§ **Work to complete**: With no edits of any kind, print each record that follows.

§ **Dataset**:
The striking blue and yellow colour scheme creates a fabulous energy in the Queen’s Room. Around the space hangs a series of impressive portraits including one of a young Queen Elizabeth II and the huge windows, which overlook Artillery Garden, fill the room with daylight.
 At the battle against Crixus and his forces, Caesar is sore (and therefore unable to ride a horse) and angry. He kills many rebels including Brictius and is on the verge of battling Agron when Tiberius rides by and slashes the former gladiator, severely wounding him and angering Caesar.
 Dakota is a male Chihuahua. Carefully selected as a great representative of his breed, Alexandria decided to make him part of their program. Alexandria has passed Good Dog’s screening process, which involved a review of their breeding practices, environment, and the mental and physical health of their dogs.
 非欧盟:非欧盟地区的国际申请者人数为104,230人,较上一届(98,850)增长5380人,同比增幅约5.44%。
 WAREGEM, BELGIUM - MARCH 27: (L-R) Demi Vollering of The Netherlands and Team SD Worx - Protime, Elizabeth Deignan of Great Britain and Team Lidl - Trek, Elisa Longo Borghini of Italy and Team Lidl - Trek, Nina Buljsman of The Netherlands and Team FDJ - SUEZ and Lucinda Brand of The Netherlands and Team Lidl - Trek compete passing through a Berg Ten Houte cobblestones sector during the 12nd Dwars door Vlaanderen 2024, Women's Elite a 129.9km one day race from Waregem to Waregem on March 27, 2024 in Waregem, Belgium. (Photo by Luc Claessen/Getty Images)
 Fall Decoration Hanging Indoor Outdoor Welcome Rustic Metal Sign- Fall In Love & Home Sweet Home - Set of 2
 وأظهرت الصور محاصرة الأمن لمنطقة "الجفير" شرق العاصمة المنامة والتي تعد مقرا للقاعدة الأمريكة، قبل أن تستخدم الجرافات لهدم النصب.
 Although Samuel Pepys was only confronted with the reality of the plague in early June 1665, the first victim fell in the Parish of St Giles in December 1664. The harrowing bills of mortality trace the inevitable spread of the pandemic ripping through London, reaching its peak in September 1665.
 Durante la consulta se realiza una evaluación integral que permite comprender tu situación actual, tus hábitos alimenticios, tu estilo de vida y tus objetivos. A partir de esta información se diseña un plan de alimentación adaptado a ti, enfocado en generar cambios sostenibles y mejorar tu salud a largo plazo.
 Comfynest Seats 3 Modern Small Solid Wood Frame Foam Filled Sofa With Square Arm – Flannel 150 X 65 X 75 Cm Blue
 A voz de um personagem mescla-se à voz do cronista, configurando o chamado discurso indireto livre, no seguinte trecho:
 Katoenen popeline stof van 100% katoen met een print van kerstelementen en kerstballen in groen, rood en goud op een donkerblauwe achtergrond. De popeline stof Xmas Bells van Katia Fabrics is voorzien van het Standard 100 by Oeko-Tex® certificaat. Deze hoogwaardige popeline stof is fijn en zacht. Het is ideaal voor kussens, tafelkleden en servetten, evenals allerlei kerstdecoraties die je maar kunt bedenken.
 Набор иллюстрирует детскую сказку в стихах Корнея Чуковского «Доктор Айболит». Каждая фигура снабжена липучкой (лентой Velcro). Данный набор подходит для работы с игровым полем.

§ **Exercise answer**:
The striking blue and yellow colour scheme creates a fabulous energy in the Queen’s Room. Around the space hangs a series of impressive portraits including one of a young Queen Elizabeth II and the huge windows, which overlook Artillery Garden, fill the room with daylight.
 At the battle against Crixus and his forces, Caesar is sore (and therefore unable to ride a horse) and angry. He kills many rebels including Brictius and is on the verge of battling Agron when Tiberius rides by and slashes the former gladiator, severely wounding him and angering Caesar.
 Dakota is a male Chihuahua. Carefully selected as a great representative of his breed, Alexandria decided to make him part of their program. Alexandria has passed Good Dog’s screening process, which involved a review of their breeding practices, environment, and the mental and physical health of their dogs.
 非欧盟:非欧盟地区的国际申请者人数为104,230人,较上一届(98,850)增长5380人,同比增幅约5.44%。
 WAREGEM, BELGIUM - MARCH 27: (L-R) Demi Vollering of The Netherlands and Team SD Worx - Protime, Elizabeth Deignan of Great Britain and Team Lidl - Trek, Elisa Longo Borghini of Italy and Team Lidl - Trek, Nina Buljsman of The Netherlands and Team FDJ - SUEZ and Lucinda Brand of The Netherlands and Team Lidl - Trek compete passing through a Berg Ten Houte cobblestones sector during the 12nd Dwars door Vlaanderen 2024, Women's Elite a 129.9km one day race from Waregem to Waregem on March 27, 2024 in Waregem, Belgium. (Photo by Luc Claessen/Getty Images)
 Fall Decoration Hanging Indoor Outdoor Welcome Rustic Metal Sign- Fall In Love & Home Sweet Home - Set of 2
 وأظهرت الصور محاصرة الأمن لمنطقة "الجفير" شرق العاصمة المنامة والتي تعد مقرا للقاعدة الأمريكة، قبل أن تستخدم الجرافات لهدم النصب.
 Although Samuel Pepys was only confronted with the reality of the plague in early June 1665, the first victim fell in the Parish of St Giles in December 1664. The harrowing bills of mortality trace the inevitable spread of the pandemic ripping through London, reaching its peak in September 1665.
 Durante la consulta se realiza una evaluación integral que permite comprender tu situación actual, tus hábitos alimenticios, tu estilo de vida y tus objetivos. A partir de esta información se diseña un plan de alimentación adaptado a ti, enfocado en generar cambios sostenibles y mejorar tu salud a largo plazo.
 Comfynest Seats 3 Modern Small Solid Wood Frame Foam Filled Sofa With Square Arm – Flannel 150 X 65 X 75 Cm Blue
 A voz de um personagem mescla-se à voz do cronista, configurando o chamado discurso indireto livre, no seguinte trecho:
 Katoenen popeline stof van 100% katoen met een print van kerstelementen en kerstballen in groen, rood en goud op een donkerblauwe achtergrond. De popeline stof Xmas Bells van Katia Fabrics is voorzien van het Standard 100 by Oeko-Tex® certificaat. Deze hoogwaardige popeline stof is fijn en zacht. Het is ideaal voor kussens, tafelkleden en servetten, evenals allerlei kerstdecoraties die je maar kunt bedenken.
 Набор иллюстрирует детскую сказку в стихах Корнея Чуковского «Доктор Айболит». Каждая фигура снабжена липучкой (лентой Velcro). Данный набор подходит для работы с игровым полем.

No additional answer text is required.